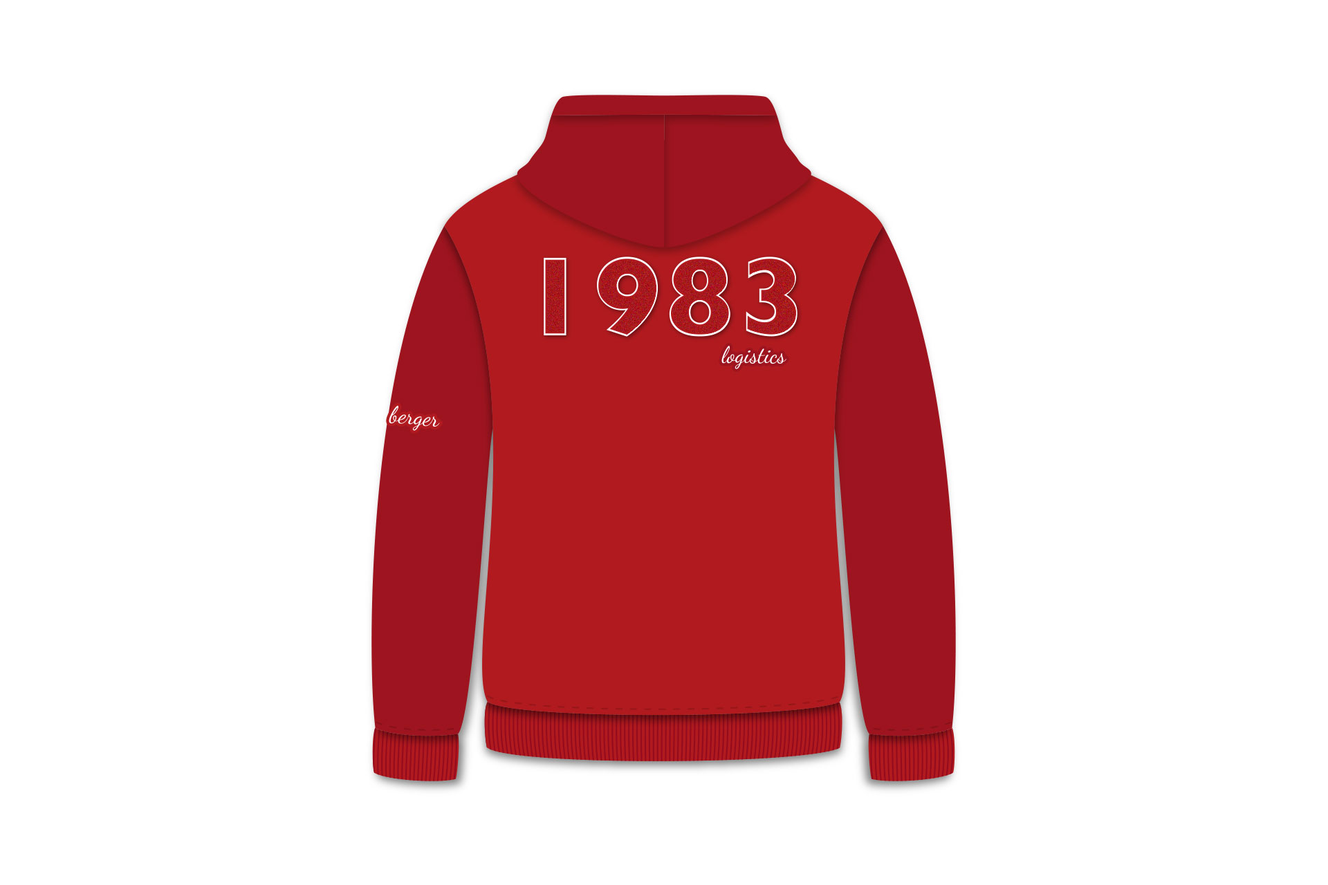 Im selben Jahr haben wir mit einem zweiten, bewusst anderen Hoodie-Entwurf überzeugt: ein Heritage-Design im Collagejacken-Stil, das die Tradition und das jahrzehntelange Bestehen des Unternehmens sichbar macht. Kern der Idee: Markenhistorie nicht nur abzubilden, sondern anzuziehen – als fühlbare Identität.
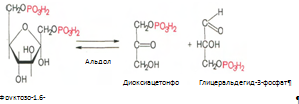 4. Под влиянием фермента альдолазы фруктозо-1,6-бифосфат расщепляется на две фосфотриозы:
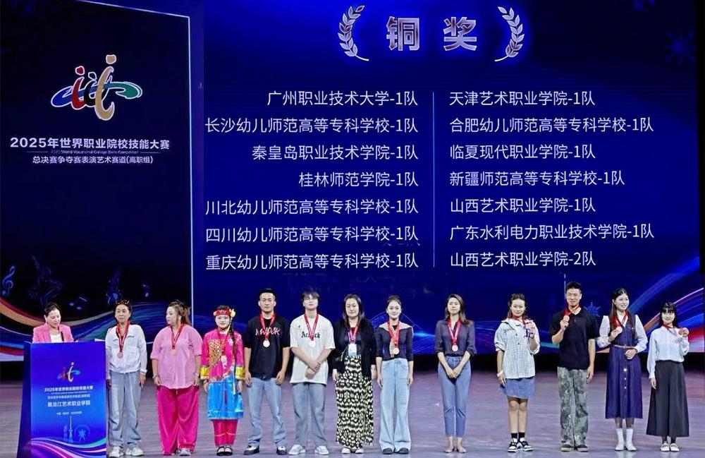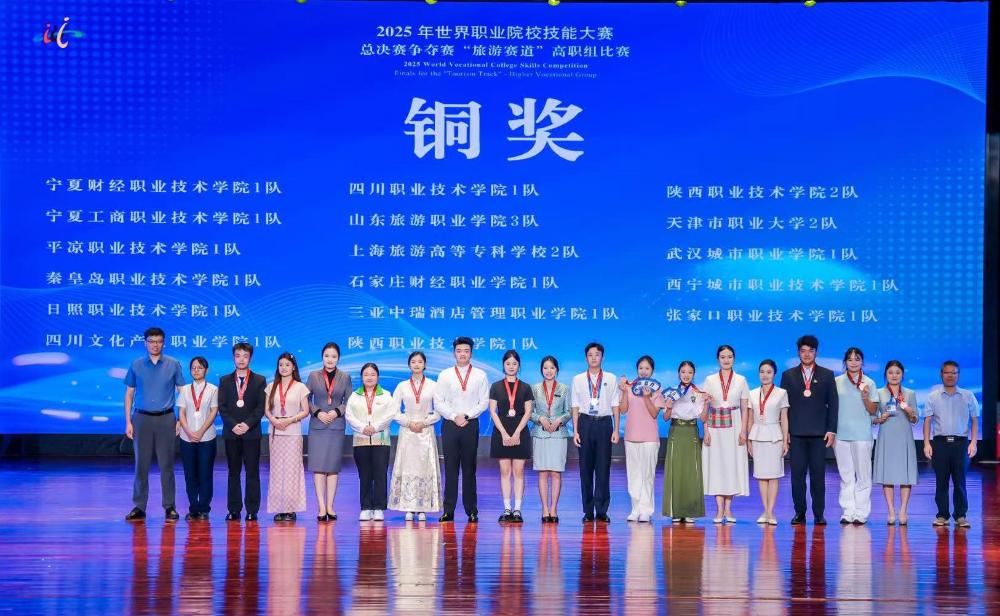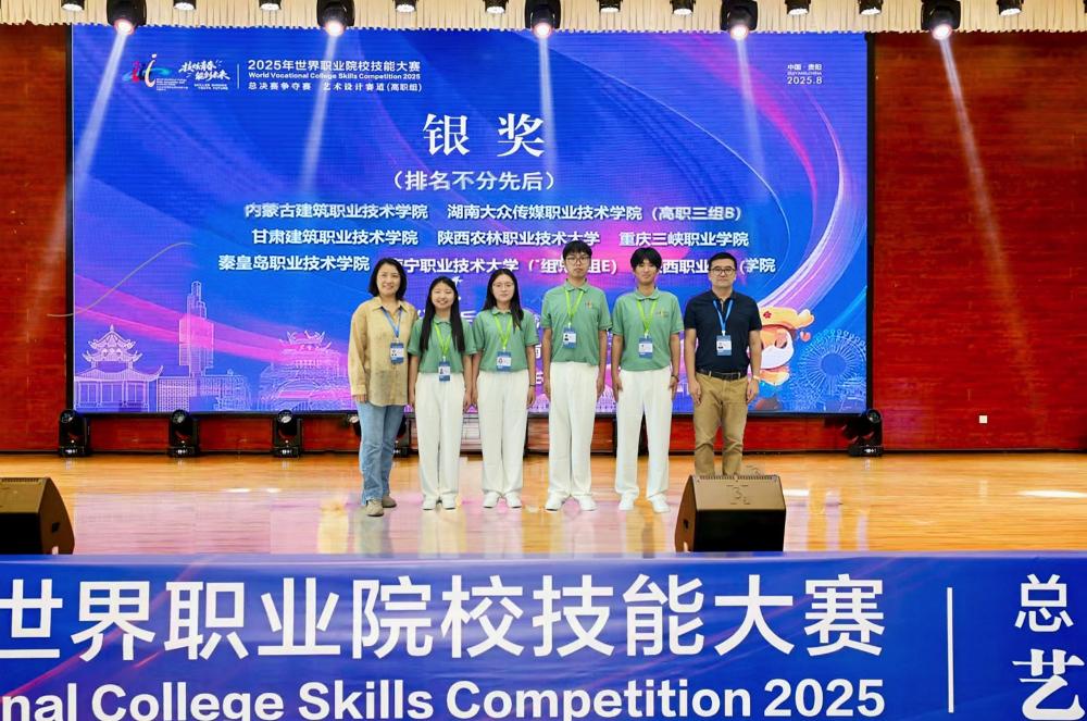 【新闻中心讯】8月31日,2025年世界职业院校技能大赛总决赛争夺赛落下帷幕。经过激烈角逐,学院建筑与设计系尚建恒、苏一俣、葛乐欣、张宥希四名同学在“艺术设计赛道”高职组比赛中获得银奖,旅游与康养系李宝莹、刘卓远、苏博雅、马思洁四位同学在“旅游赛道”高职组比赛中获得铜奖,艺术系陈蕊、陈建友、班智慧三位同学在“表演艺术赛道”高职组比赛中获得铜奖,商贸系王子淇、温林浩、杨智博、张佳鑫四位同学在“物流与供应链赛道”高职组比赛中获得铜奖。

Task objective => An exact copy of the listing is required, excluding any pictures.

Reply to the task =>
 Im selben Jahr haben wir mit einem zweiten, bewusst anderen Hoodie-Entwurf überzeugt: ein Heritage-Design im Collagejacken-Stil, das die Tradition und das jahrzehntelange Bestehen des Unternehmens sichbar macht. Kern der Idee: Markenhistorie nicht nur abzubilden, sondern anzuziehen – als fühlbare Identität.
 4. Под влиянием фермента альдолазы фруктозо-1,6-бифосфат расщепляется на две фосфотриозы:
 【新闻中心讯】8月31日,2025年世界职业院校技能大赛总决赛争夺赛落下帷幕。经过激烈角逐,学院建筑与设计系尚建恒、苏一俣、葛乐欣、张宥希四名同学在“艺术设计赛道”高职组比赛中获得银奖,旅游与康养系李宝莹、刘卓远、苏博雅、马思洁四位同学在“旅游赛道”高职组比赛中获得铜奖,艺术系陈蕊、陈建友、班智慧三位同学在“表演艺术赛道”高职组比赛中获得铜奖,商贸系王子淇、温林浩、杨智博、张佳鑫四位同学在“物流与供应链赛道”高职组比赛中获得铜奖。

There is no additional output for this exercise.